Re: So did you ever have an atari computer?
« on: November 13, 2010, 08:49:36 PM »
I'm trying to remain objective and not offend anyone:

I could never understand how the Atari people could compare their technology to the Amiga.  Jack wanted an off the shelf based computer and the ST fit that requirement.  However, without the many custom chips and advanced OS of the Amiga, the ST line could not compete.

I remember seeing the Amiga Boing! demo on the Atari and it took all its power to do it.

However, I wish I could talk with the actual Atari developers because I have had two questions in my mind all these years that I wish I knew the answer too...
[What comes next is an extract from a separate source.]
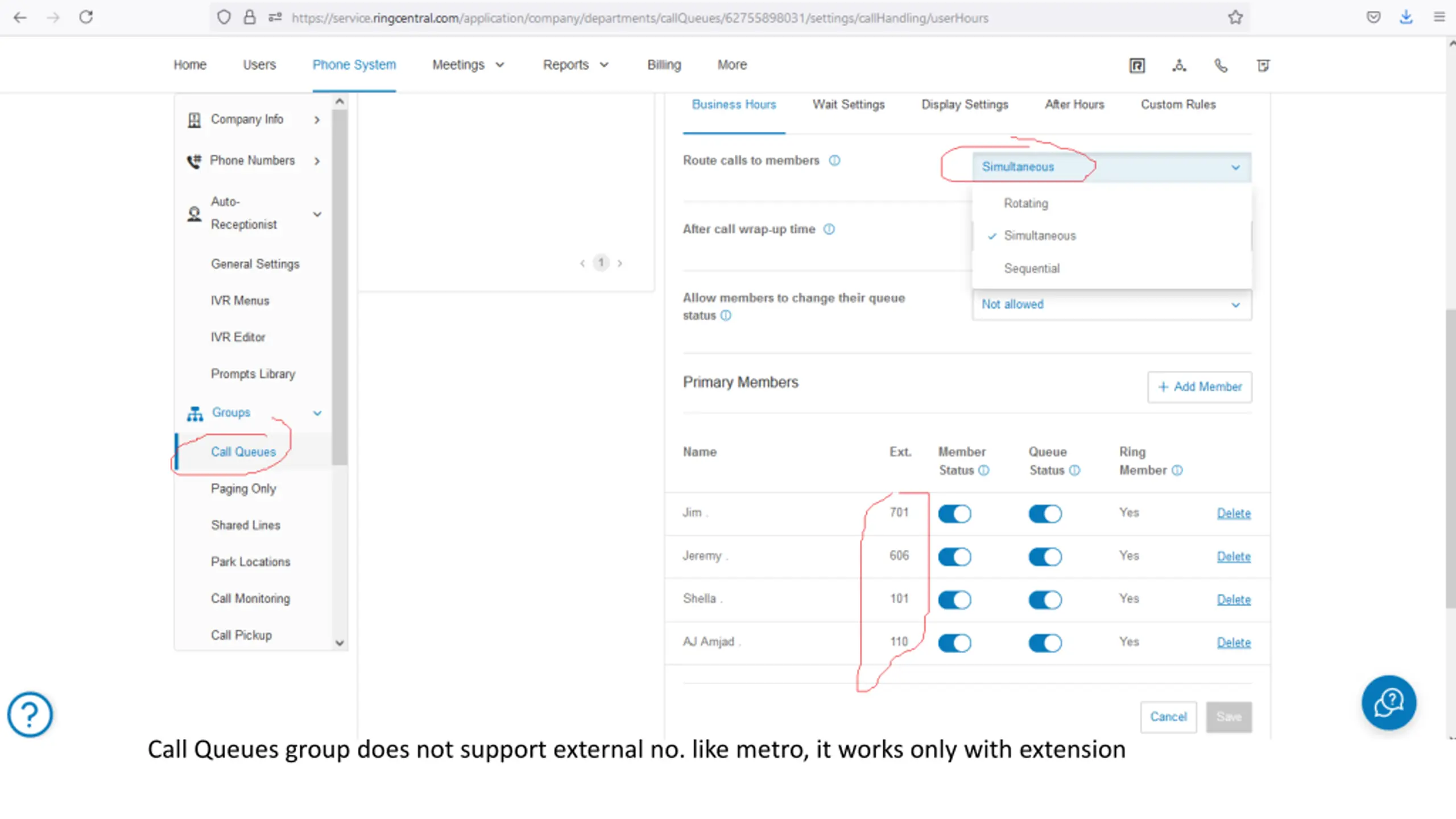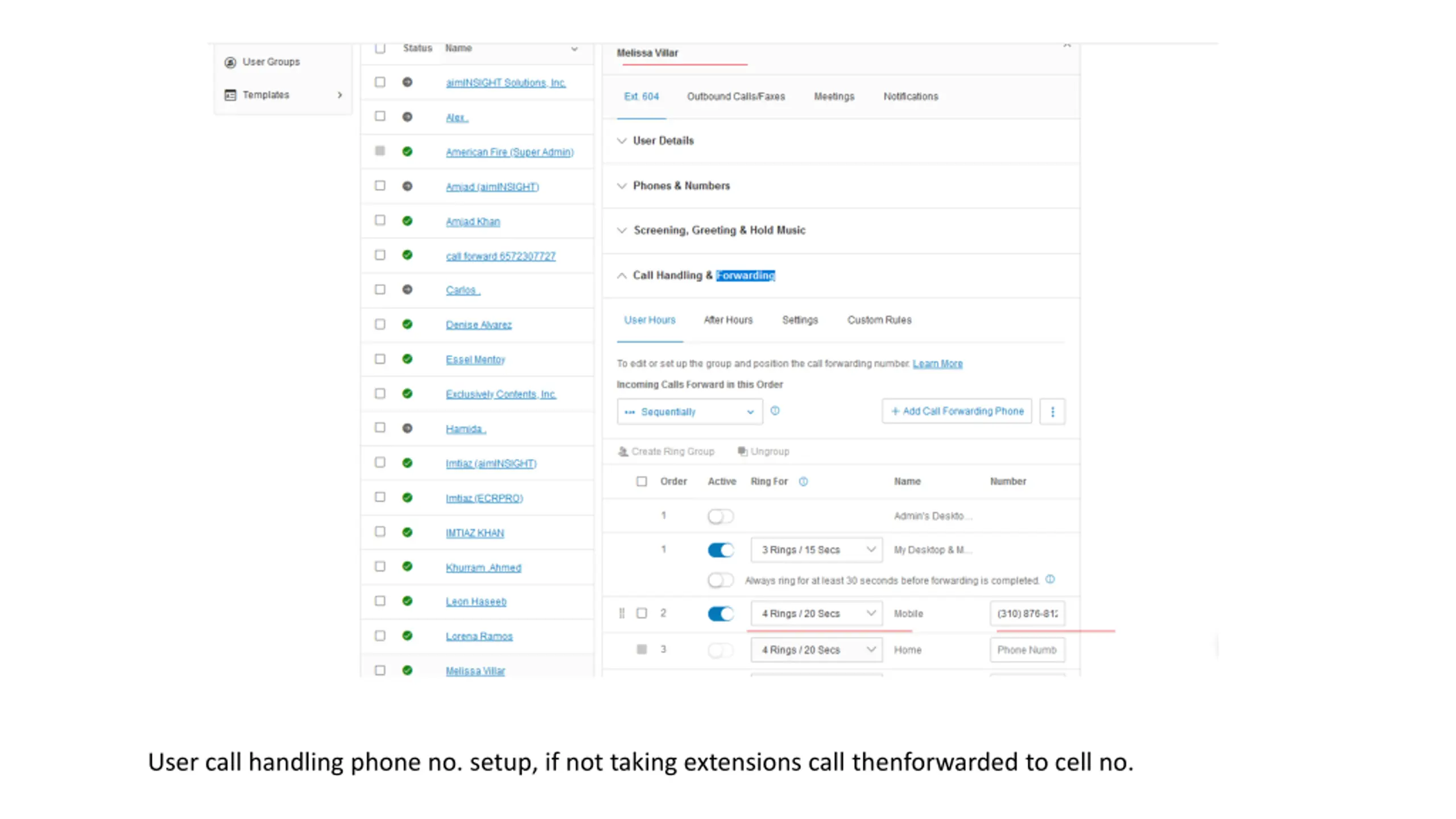 User call handling phone no. setup, if not taking extensions call thenforwarded to cell no.

1.  Why on Earth would a company that is building a new computer go against the CPU manufacturer (Motorola, obviously) and use instructions that may not be in the next version of the chip??   If you don't know what I'm talking about, TOS uses instructions in the 68k that Motorola warned would not be in future versions (010,020,030, etc...).

Unless you rewrite or patch TOS (causing compatibility problems) you can't use a newer CPU.

This is why you could not get a MegaMidgetRacer or put in a 68010 for the Atari ST.  You could get a sped up 68k but that was about it.

As a CS Professor and a developer, I cannot fathom why you would do this.  I can't imagine a situation during development that going this route was the best solution.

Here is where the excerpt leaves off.